# Help with deciding on screen wall



## santosh (Sep 29, 2013)

Hi All
First time poster and need help with deciding which wall to place the screen on.
Getting ready to build a new home theater in the basement. Room size is 13'6'' x 20'9''. There is a beam in the room as shown. Clearance under the beam finished is 7'7''. The ceiling heights vary on either side of the beam as shown.
Plan is to have 2 row of seats with a 10 inch riser for the 2nd row and preferably a 120 inch 16:9 screen. 
I need input as to which wall to place the screen on. I am concerned about the ceiling mounted projector as it has to be below 7'7'' to clear the beam. Please the illustration. Any other suggestions is welcome.
Thanks


----------



## Prof. (Oct 20, 2006)

Hi Santosh..and welcome to HTS

My suggestion would be to mount the screen on wall "B"..That should give you enough length to mount the projector in front of the beam..
Your ceiling height forward of the beam is 8'8", so there is plenty of height to mount the projector..


----------



## jbrown15 (Dec 7, 2011)

So from the beam towards wall A the finished ceiling height is only 7'8"? 
If that's the case I would use wall A as the screen wall, have the bottom on the screen 24" off of the floor and that would still give you plenty of clearance to use a 120" screen.

Not too mention you wouldn't be opening the door and then having to step right up onto the rising. 

Could I make a suggestion, your room in just screen for a front stage/false wall setup along with using an acoustically transparent screen! You would easily be able to hind your speakers behind the wall and screen, so all you would see is a nice screen and stage. 

Your room is basically the exact same size as mine and it would work perfect!


----------



## santosh (Sep 29, 2013)

Prof. said:


> Hi Santosh..and welcome to HTS
> 
> My suggestion would be to mount the screen on wall "B"..That should give you enough length to mount the projector in front of the beam..
> Your ceiling height forward of the beam is 8'8", so there is plenty of height to mount the projector..


Thanks for the reply.
The concern I have is that the projector would be 12 feet ( 10 Feet if i do a false wall). That limits me to a short throw projector of which there are few options.
Thanks


----------



## santosh (Sep 29, 2013)

jbrown15 said:


> So from the beam towards wall A the finished ceiling height is only 7'8"?
> If that's the case I would use wall A as the screen wall, have the bottom on the screen 24" off of the floor and that would still give you plenty of clearance to use a 120" screen.
> 
> Not too mention you wouldn't be opening the door and then having to step right up onto the rising.
> ...


Thanks how much space did you leave behind the false wall.


----------



## jbrown15 (Dec 7, 2011)

santosh said:


> Thanks for the reply.
> The concern I have is that the projector would be 12 feet ( 10 Feet if i do a false wall). That limits me to a short throw projector of which there are few options.
> Thanks


Sorry, why would the projector only be 12ft or 10ft if you did a false wall setup?

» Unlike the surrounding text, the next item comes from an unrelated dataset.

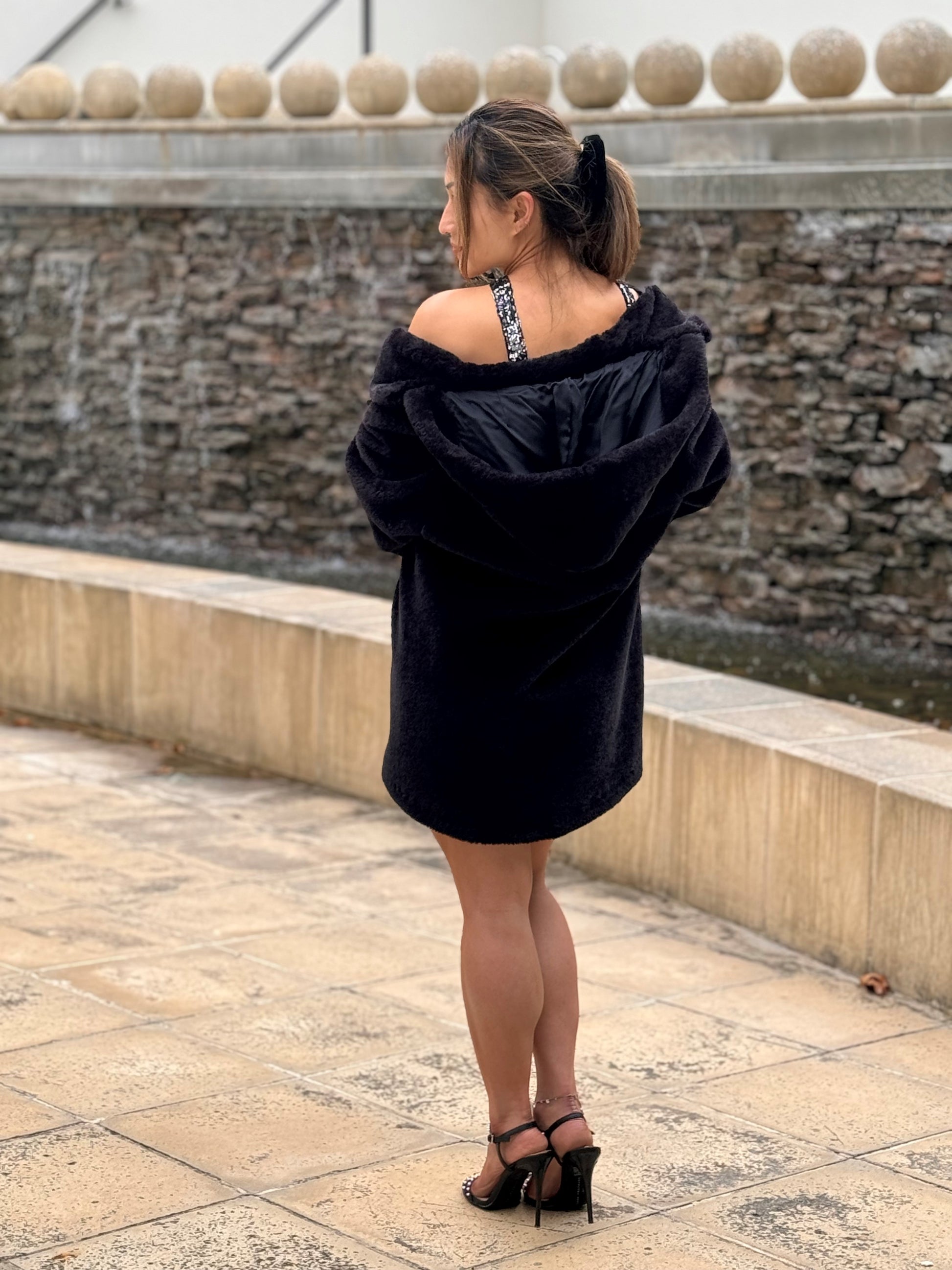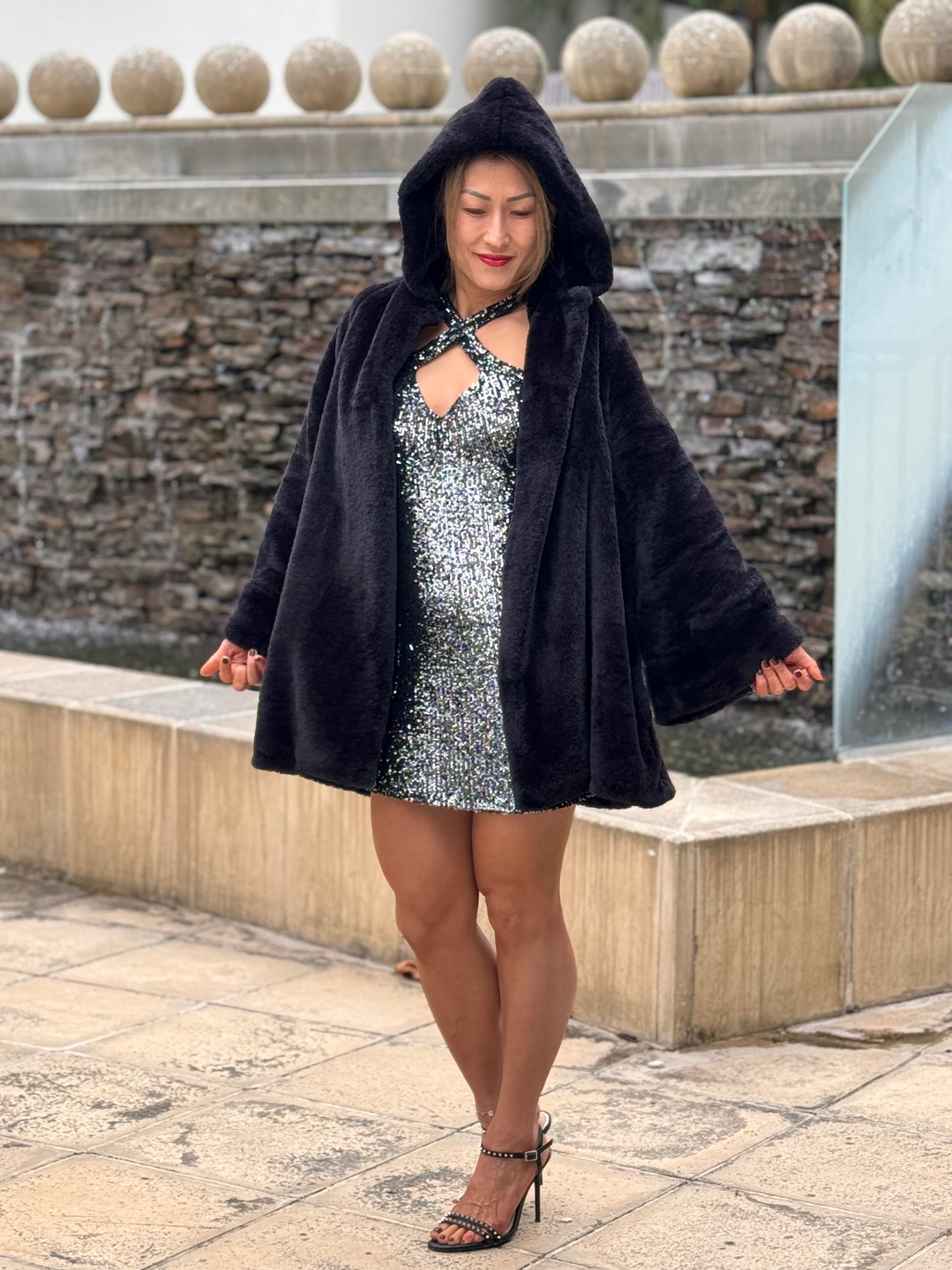Black 3/4 length faux fur swing coat with hood and cuffed belle sleeves. Perfect for Chilly nights out on the town. Teamed up with the Gold and Black sequined cocktail dress for a glammed up look.
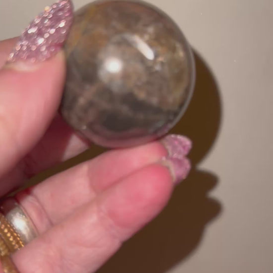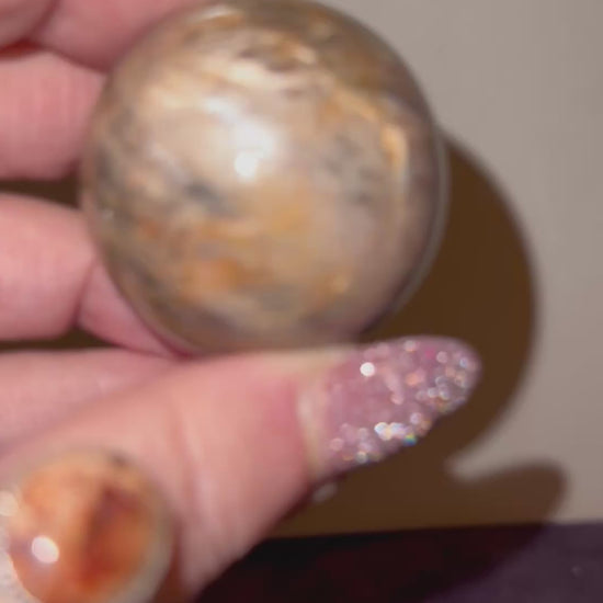Black Moonstone, spheres with Rich, dark brown and brilliant orange Sunstone inclusions. Definitely giving a dark sunset vibe. Brilliant chatoyant areas covering either choice. A stone you can spend many hours focusing on with always something new to find. The beauty of these pieces will stand out in any collection or make the perfect gift for someone’s special. The stone of new beginnings make these spheres, the perfect offering for any occasion. If you need these items to be shipped As a gift, please drop us a message with the recipients, full name and mailing address and whether you would like a note included as we offer drop shipping at no extra charge.

It's usually a good idea to leave a minimum of 24" of spacing between the wall and the false wall.


----------



## santosh (Sep 29, 2013)

jbrown15 said:


> Sorry, why would the projector only be 12ft or 10ft if you did a false wall setup?
> 
> It's usually a good idea to leave a minimum of 24" of spacing between the wall and the false wall.


sorry for othe confusion. I was responding to the option of placing the screen on wall B and placing the projector in front of the beam which would limit the distance.
Using wall A as screen wall, the projector would have to be at a height 7feet 7 inches to clear the beam and can be located at the back of the room. Am i correct or am i missing something with the projector position and height.


----------



## jbrown15 (Dec 7, 2011)

Yes, you would mostly likely need a drop down pole when you mount the projector. This really shouldn't be a problem though as most major mount have a 6" or 12" pole that you can buy to work with them. 

I personally think you're far better off using A wall as your screen wall, it just makes laying out the room a little easier.


----------



## ALMFamily (Oct 19, 2011)

The downsides I can see to using wall A is that the door could very well be in the first reflection area which will cause some issues trying to dial in your sound. Also, if someone comes into the room while a movie is in progress, they will be walking in front of the rest of the viewers (this one is not a big deal, just a possible. I or annoyance).

Me personally - I would agree with Prof and opt for wall B. Granted, it does limit your choice of projectors, but to me that first reflection issue would be a deal breaker.


----------



## jbrown15 (Dec 7, 2011)

ALMFamily said:


> The downsides I can see to using wall A is that the door could very well be in the first reflection area which will cause some issues trying to dial in your sound. Also, if someone comes into the room while a movie is in progress, they will be walking in front of the rest of the viewers (this one is not a big deal, just a possible. I or annoyance).
> 
> Me personally - I would agree with Prof and opt for wall B. Granted, it does limit your choice of projectors, but to me that first reflection issue would be a deal breaker.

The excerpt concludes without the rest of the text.